Accessing MGnify API Resources#

The MGnify API provides access to multiple types of resources (or endpoints) such as studies, samples, analyses, runs, and more. This notebook shows you how to

  1. Discover what resources are available

  2. Inspect what query parameters each resource accepts


# uncomment below if colab
#!pip install mgnipy

Starting up a mgnipy.MGnipy client#

For more details on configuring mgnipy and the detault configuration go to the “congifuration” page

from mgnipy import MGnipy
# init
MG = MGnipy(
    # add a configuration
    cache_dir=None,
)
# print the MGnipy instance to see its configuration (credentials are not printed)
print(MG)
MGnipy(config=api_version=<SupportedApiVersions.V2: 'v2'> base_url=HttpUrl('https://www.ebi.ac.uk/') cache_dir=None)

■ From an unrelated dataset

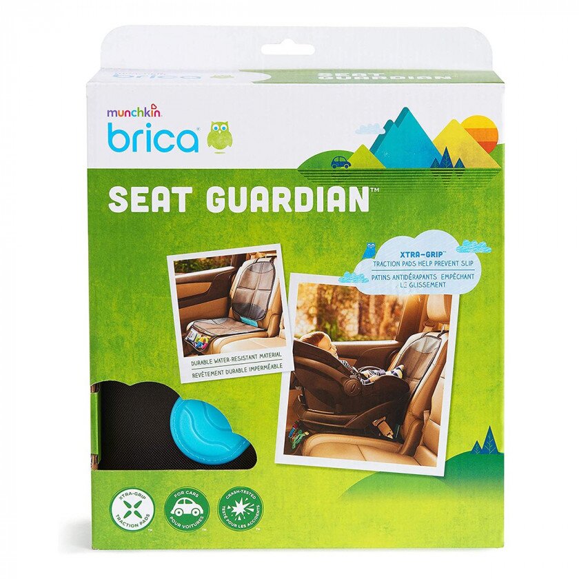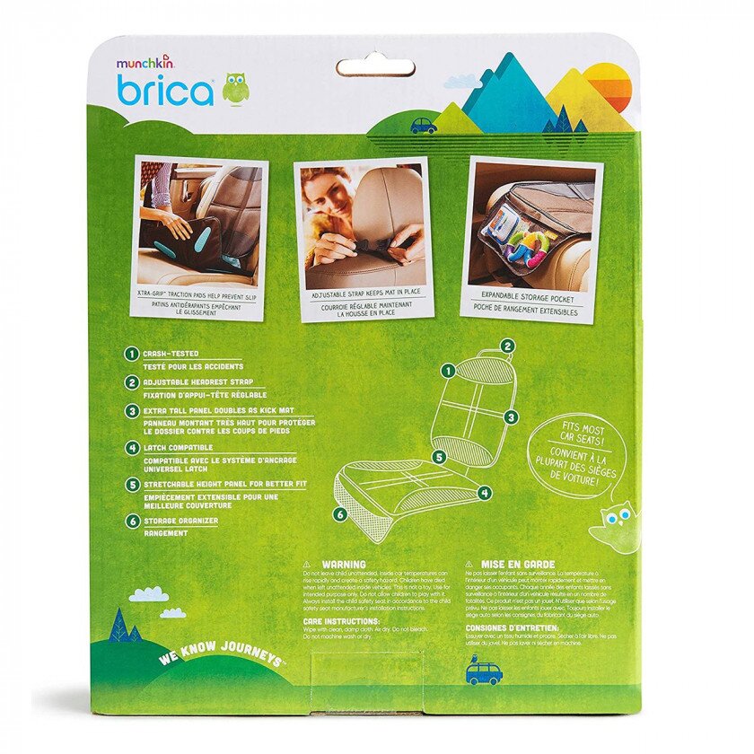 Особливості захисного чохла під автокрісло Brica: текстуроване покриття Xtra-Grip Traction Pads запобігає ковзанню; міцний і водостійкий матеріал; містка кишеня дозволяє тримати під рукою найнеобхідніше; кріплення Seat Guardian утримує чохол на регульованому підголівнику; чохол сумісний з кріпленням в машині Isofix; лаконічний дизайн добре поєднується з будь-яким автокріслом.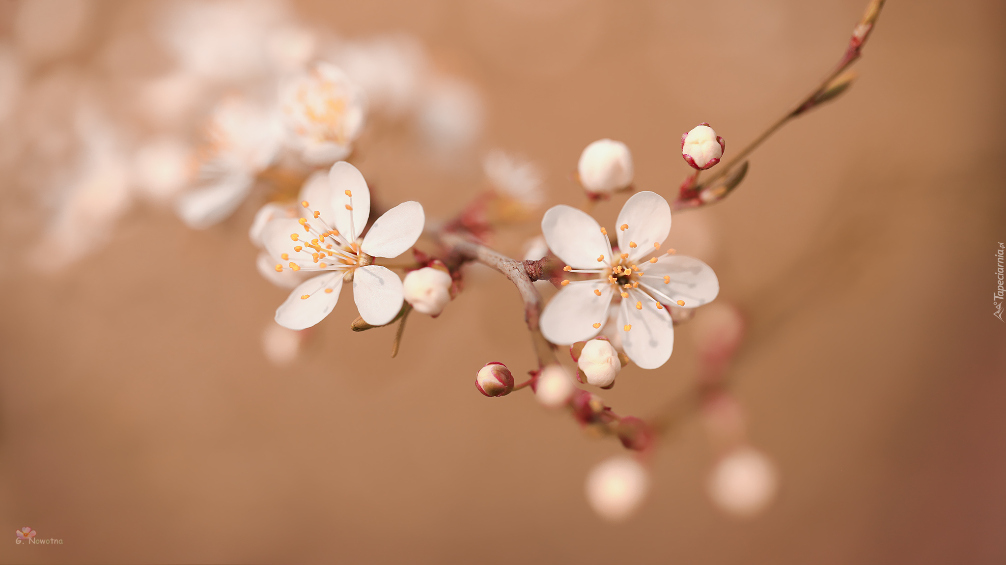 Edytor tapety: Gałązka drzewa owocowego z białymi kwiatami i pąkami

Exploring the available resources#

We can learn more about the MGnify API and its available resources via the MGnipy client.

# to list all avail resources
MG.list_resources()
['analyses',
 'analysis',
 'assemblies',
 'assembly',
 'genomes',
 'genome',
 'publications',
 'publication',
 'samples',
 'sample',
 'studies',
 'study',
 'runs',
 'run',
 'biomes',
 'biome',
 'catalogues',
 'catalogue',
 'private_studies']

For more detail here we can describe the resource using the helper method .describe_resource() or .describe_resources()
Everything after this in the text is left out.